Она очнулась, сумев не подать виду, что очнулась. Над ней кто-то стоит. Живой плащ не собирается на него нападать, отвечает, что чужой не питает злых намерений. Она обрадовалась, думая, что её нашли свои... открывает глаза - над ней склоняется нелюдь.
Она приказывает плащу напасть, тот послушался почему-то с неохотой, грызанул оружие - только пасть поранил. Нелюдя, казалось, забавляет плащ, накинувшийся на оружие. Он дразнит плащ, потом отводит его в сторону...
И видит её глаза.
Нанджи успела сделать лишь шаг по этой тропе. Боль, подавляемая сильной волей. Возбуждение боя. Любопытство. Гнева и ненависти нет. Для нелюдей мы звери. Мы представляемся им настолько мелкими тварями, что нет смысла тратить на нас чувства...
Чужак вздрагивает, и она его узнаёт. Это же тот самый мятежник!.. Наклоняется ближе.
Пора!..
Движение атакующей лозы невозможно заметить, лишь почувствовать. Предельное усилие, после которого оружие-ветвь непременно умрёт, но умрёт и враг...
Четыре зазубренных листа врезаются в броню нелюдя. Отчего-то лишь до половины, лоза дёргается и обмякает. Ничего, ему осталось жизни на пару вдохов...
Прошло уже больше пары вдохов. Нанджи понимает, что яд с листьев отчего-то не действует.
Чужак смотрит ей в глаза удивлённо и немного обиженно. Словно она сделала что-то очень неправильное, предала его. Глаза у него серые, но это не кажется ей отвратительным, они красивы. Капелька пота бежит по щеке и застревает в щетине.
Он улыбается грустно.
Что-то бросается с его руки и уносит девушку во тьму.
Когда она приходит в себя, её шею обвивает жёсткое, прижимая к земле. Нанджи дёргается, и острая кромка царапает горло... Придушила, в глазах плывут чёрные круги, голова наполняется звоном, вязким и пронзительным.
Нанджи затихает, притворяясь потерявшей сознание, из-под полуопущенных ресниц наблюдает за нелюдем.
Тот не смотрит на неё, стоит, тяжко опираясь о ствол дерева, Нанджи вдруг кажется, что он уже умер.
Метатель огня неподвижно смотрит в пространство между кустами и коряжником, копьё не подаёт признаков жизни.

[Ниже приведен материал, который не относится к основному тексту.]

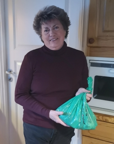 Bjørg har deltatt i lotteriet siden senhøsten, men har sortert matavfall i fra de første grønne posene ble utdelt. Hun forteller videre at de også sorterer annet avfall som bla. emballasje av glass og metall.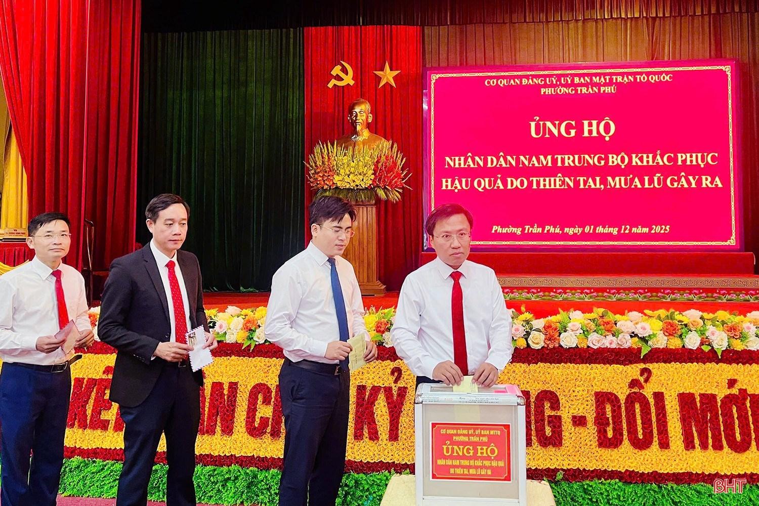 Chung tay ủng hộ đồng bào vùng bị ảnh hưởng thiên tai, bão lũ, sáng 1/12, Đảng ủy - UBND - HĐND - Ủy ban MTTQ các xã, phường trên địa bàn Hà Tĩnh cũng đã tổ chức các hoạt động hưởng ứng thiết thực.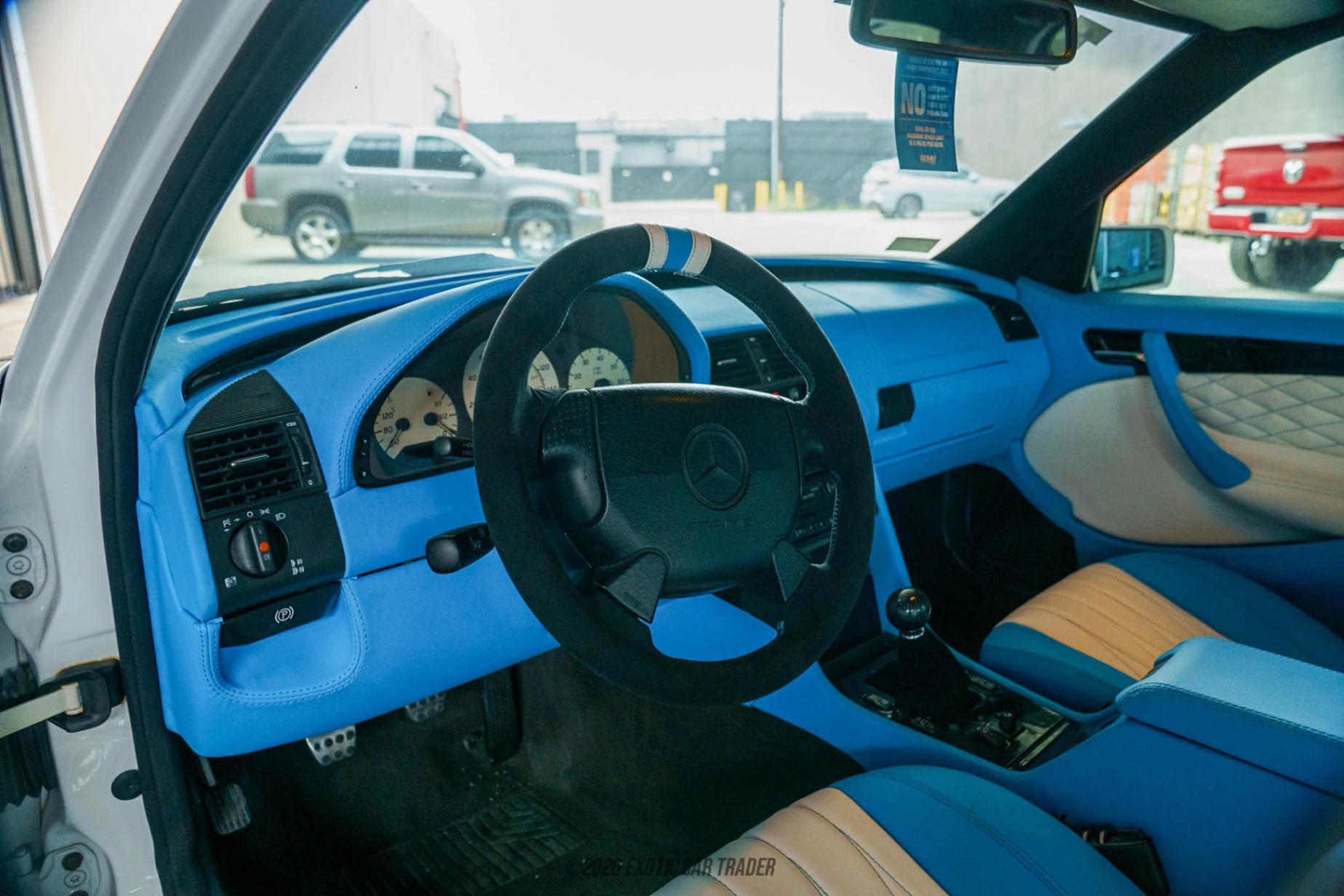 This 1998 Mercedes-Benz C43 DTM looks stunning with its aforementioned body kit, its two-tone white and black paintwork, and large silver alloy wheels. The car is instantly identifiable as a W202 C-Class as its base too so nobody will try to claim that it’s a kit car or some unknown foreign thing. The interior of this 1998 Mercedes-Benz C43 DTM remains stock with features such as seating for five adults, climate control, power windows and Mercedes-Benz branded radio with cassette player. But its been reupholstered in a fetching Porsche Riviera blue and white theme to match the overall outrageous factor of this car. The leather is reportedly imported from Italy.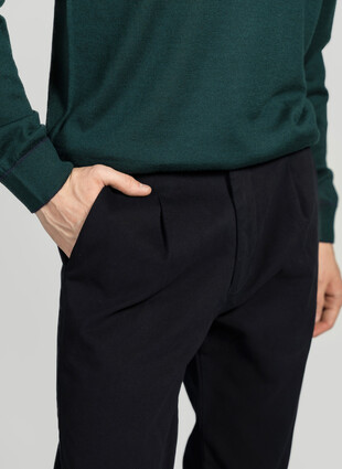 Слаксы от итальянского бренда Enrico Cerini выполнены в насыщенном темно-синем цвете и созданы для комфортного и стильного повседневного образа. Модель с защипами добавляет элегантности и оригинальности дизайну, а легкое занижение к низу создает модную силуэтную линию. Изготовлены из мягкой, бархатистой ткани с мелким рубчиком, которая приятна на ощупь и обеспечивает высокий уровень комфорта. Эти слаксы отлично подходят для создания современного образа в стиле casual и подчеркнут изысканный вкус своего владельца.70% хлопок, 27% модал, 3% эластан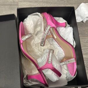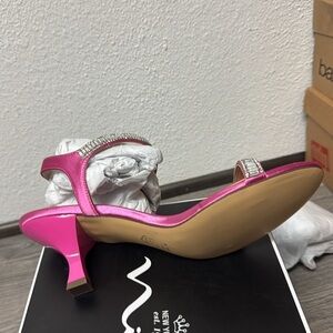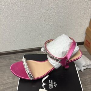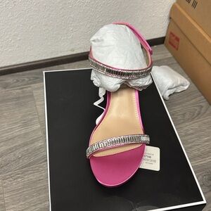 Dazzling baguette crystals illuminate the straps of this chic sandal anchored by a lacquered heel. Rear-velcro quarter-strap allows the baguettes to shine uninterrupted and makes for easy entry.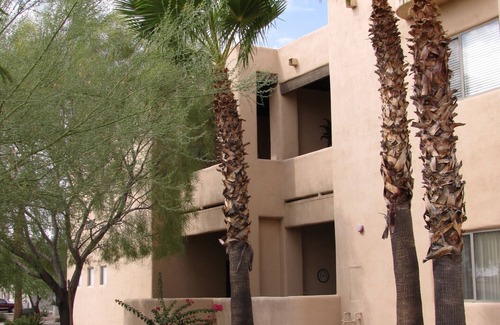 Our condo is a bright and airy 2nd floor unit with 20 ft ceilings recently redecorated and refurnished. It is a short walk to the famous fountain park, downtown shopping and restaurants. The living room has a 42' flat screen TV, expanded cable and wireless internet, while the adjoining dining room has seating for 6. The master suite has a king size bed with large walk in closet and the master bath has a separate vanity area. The guest room has a queen size bed with large closet. The separate laundry room has a full size washer and dryer. Enjoy the private balcony with patio set, grill and views of 4 peaks mountain range. Our condo has a heated pool and hot tub and also has a 1 car garage! Within a short drive are Saguaro Lake, McDowell Mountain Regional Park, spring training, casinos and many award winning golf courses. Fountain Hills boasts numerous fine restaurants and shopping areas.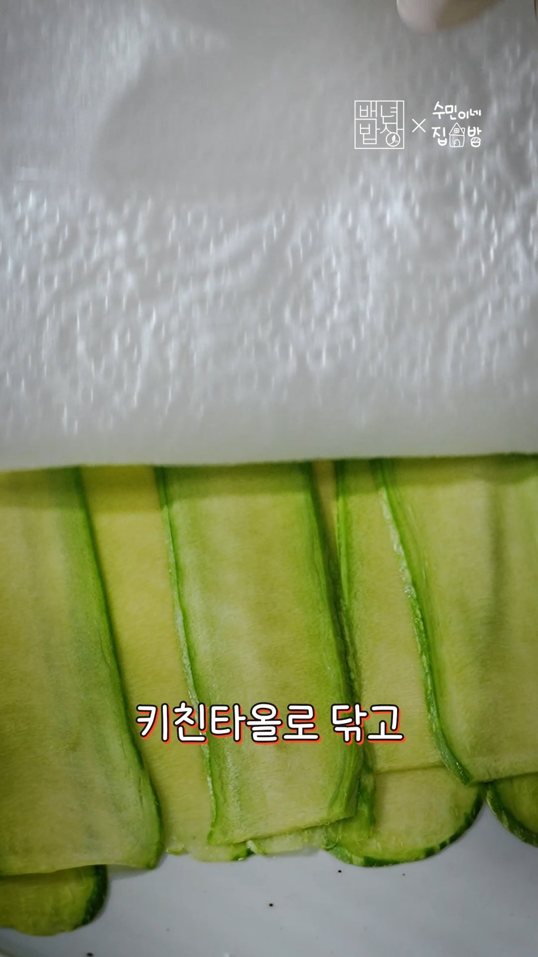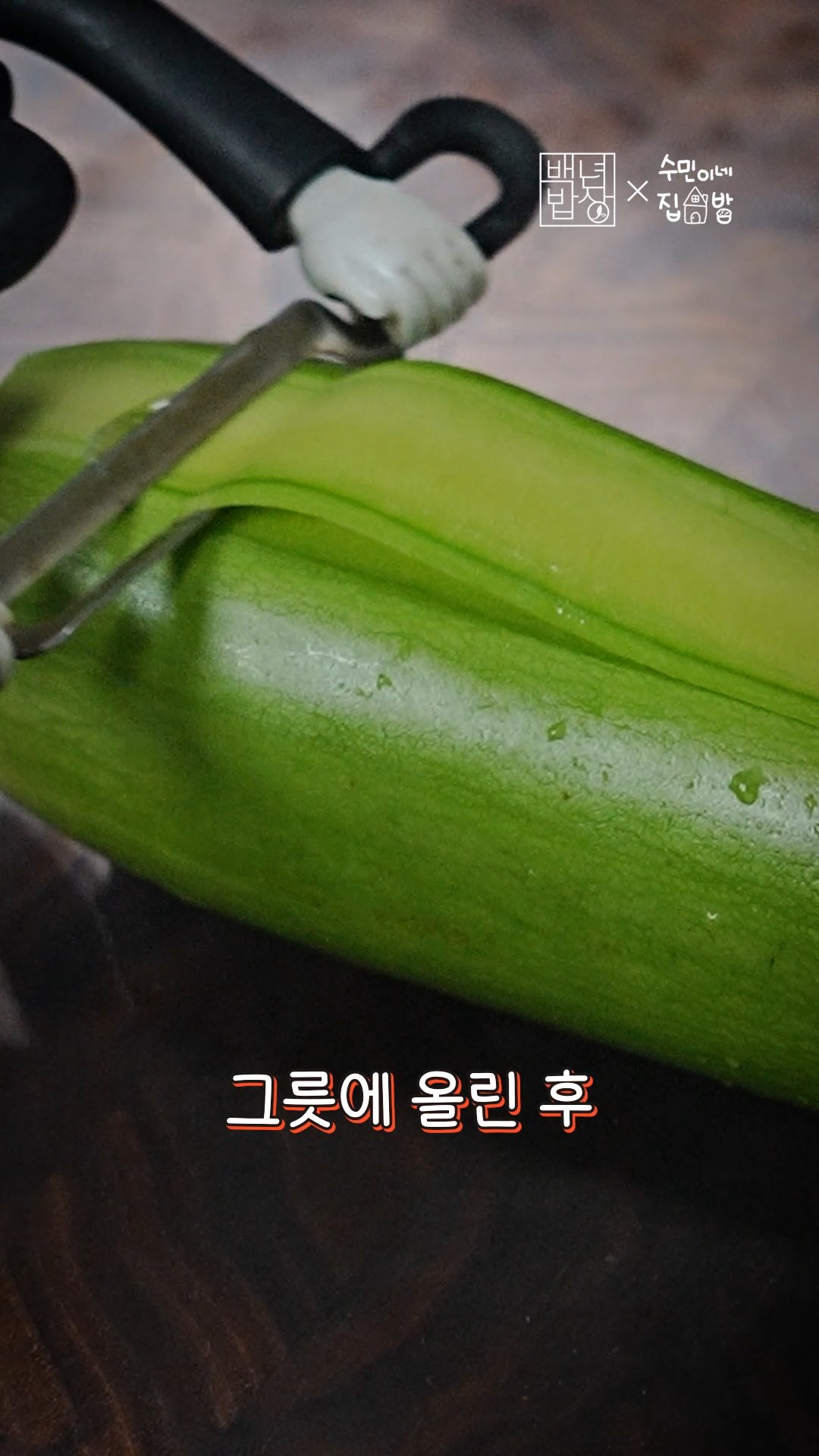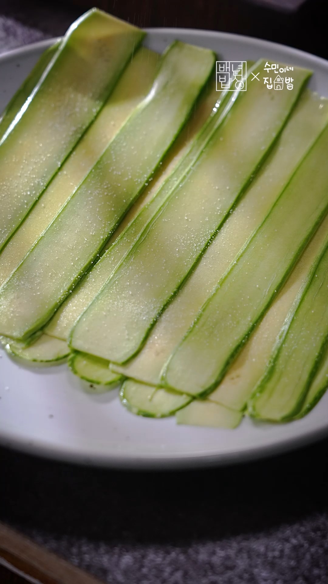 1. 애호박은 양 끝을 자르고 필러로 얇게 밀어 그릇에 옮긴 후 소금을 뿌려 절여주세요

А вокруг его тела обмотана лоза. Погибла, конечно... сначала выпила из хозяйки яд, потом надорвалась, мгновенно ударив и вспоров броню чужака, а сейчас ещё и отравилась его кровью, кровью сильного мага.
Но лоза чуть шевелит необвисшими листьями, она ещё жива!.. Надо попытаться...
Нанджи потихоньку тянется, и лоза отзывается ей. Девушка начинает потихоньку возвращать себе контроль над оружием. Лоза чуть шевельнулась, чужак болезненно вздрогнул. Листья ворохнулись в ране, сейчас взрежут ему живот, лоза сожмётся и раздавит броню, расплющит внутренности врага... последнее усилие, ну!..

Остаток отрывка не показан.